§ ABOUT THIS TASK: Write out the data word for word, taking care that no picture is carried over.

AVAILABLE DATA START

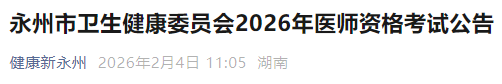 根據(jù)《國家衛(wèi)生健康委員會(huì)醫(yī)師資格考試委員會(huì)公告》(2026年第1號)和《湖南省衛(wèi)生健康委員會(huì)公告》(2026年1號)的規(guī)定,結(jié)合我市實(shí)際,現(xiàn)就我市2026年醫(yī)師資格考試工作有關(guān)事項(xiàng)公告如下:
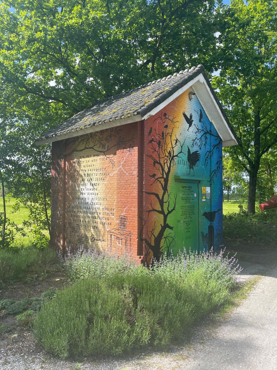 Tegenover de theetuin staat een kleurrijk transformatorhuis dat in 2021 werd omgetoverd kleurrijk kunstwerk met graffiti in regenboogkleuren en drie gedichten, waarvan één in het Fries.
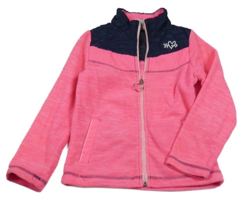 Tmavomodro-neónově ružová šusťákovo/fleecová prepínaci mikina so srdiečkom Topolino

AVAILABLE DATA END

§ RESULT:
 根據(jù)《國家衛(wèi)生健康委員會(huì)醫(yī)師資格考試委員會(huì)公告》(2026年第1號)和《湖南省衛(wèi)生健康委員會(huì)公告》(2026年1號)的規(guī)定,結(jié)合我市實(shí)際,現(xiàn)就我市2026年醫(yī)師資格考試工作有關(guān)事項(xiàng)公告如下:
 Tegenover de theetuin staat een kleurrijk transformatorhuis dat in 2021 werd omgetoverd kleurrijk kunstwerk met graffiti in regenboogkleuren en drie gedichten, waarvan één in het Fries.
 Tmavomodro-neónově ružová šusťákovo/fleecová prepínaci mikina so srdiečkom Topolino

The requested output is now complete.